WILLS, What not Subscribed by Testator at the End.-A document purporting to be a will written upon a printed blank of four pages having an unfilled attestation clause on the third page and of which the fourth page is only a blank space for the indorsement when filed, and which is signed by the testator's name, and that of two witnesses beneath the scrivener's title and blank form for dating and filing, is not subscribed at the end, and cannot be admitted to probate under a statute requiring every will, other than nuncupative or holographic, to be subscribed at the end thereof by the testator, in the presence of two attesting witnesses, each of whom must, in his presence and at his request, sign his name as a witness at the end of a will. (p. 60.)

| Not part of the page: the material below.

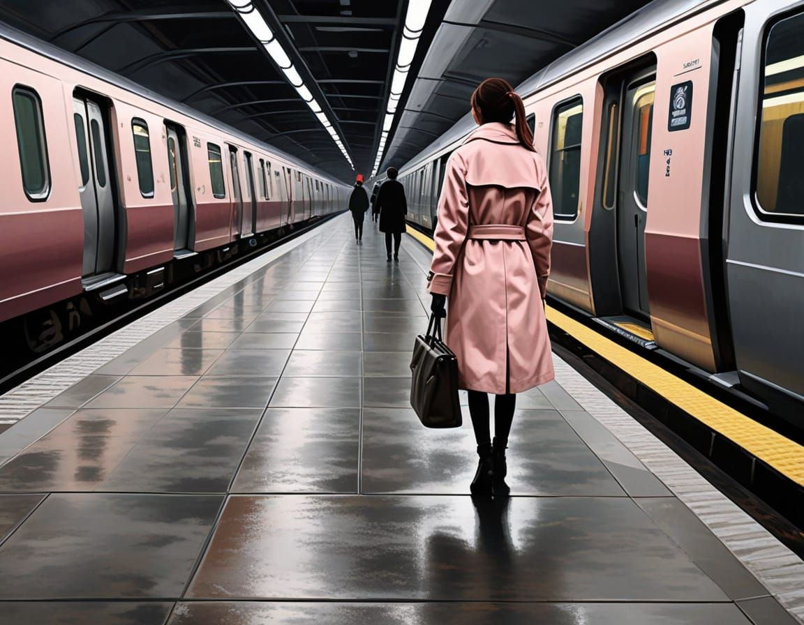 A neo-impressionistic painting of a woman in a pink coat walking toward a train in the Tokyo subway. The artwork uses muted colors and smooth impasto techniques to create a vibrant and detailed urban scene.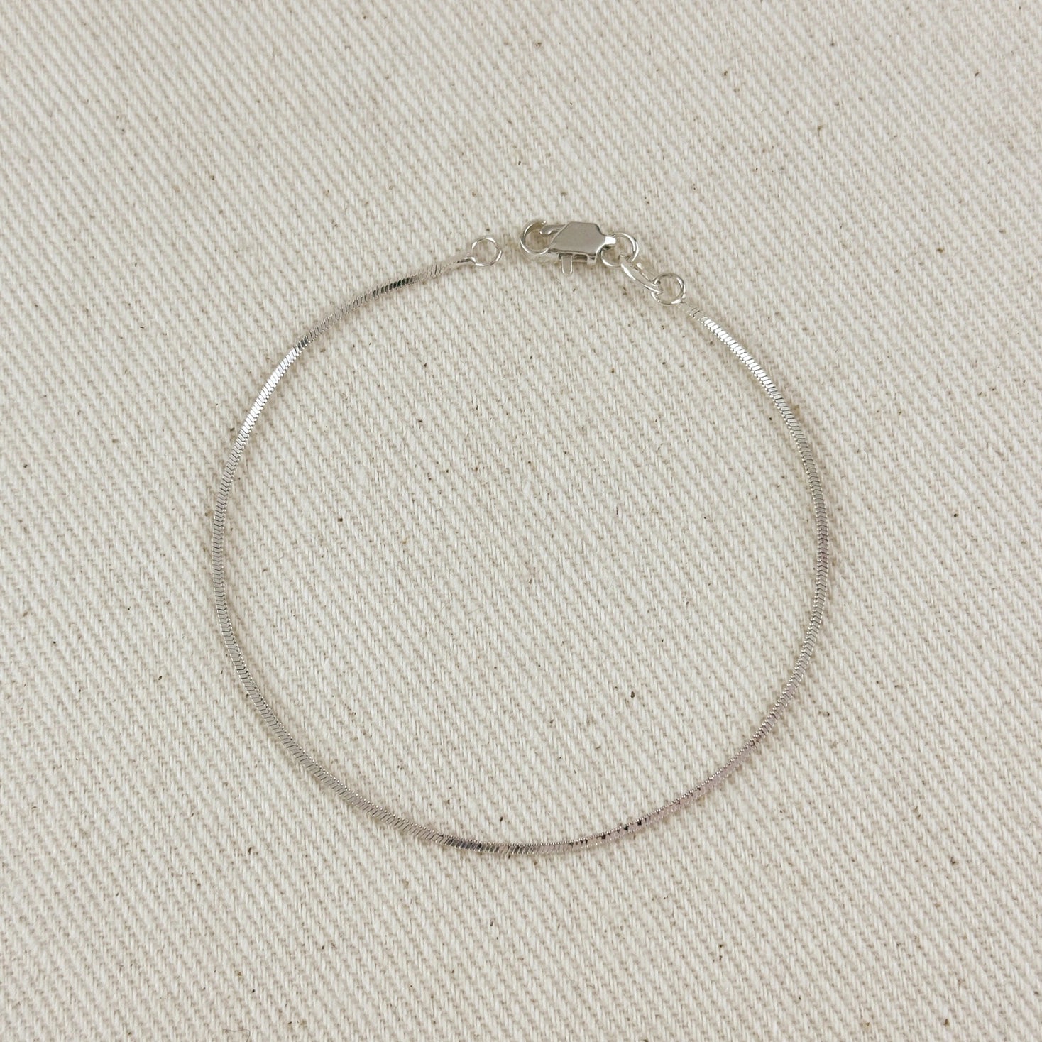 ABOUT : This sleek 1.0mm square herringbone bracelet features interlocking geometric segments that create a smooth, flexible drape around the wrist. Crafted from sterling silver, the square profile adds subtle dimension while maintaining a delicate, refined silhouette. The distinctive herringbone weave catches light beautifully, creating elegant shimmer with every gesture.

Phil Bruton, for the appellants.

George R. Lovejoy, G. V. Martin, N. A. Hawkins and E. M. North, for the respondents.

458 The COURT. A document purporting to be the last will and testament of Henry Seaman, deceased, was presented to the superior court, and an application for its probate was denied upon the ground that it had not been properly executed, in that the name of the testator was not subscribed at the end thereof. From the judgment thus entered the present appeal has been taken.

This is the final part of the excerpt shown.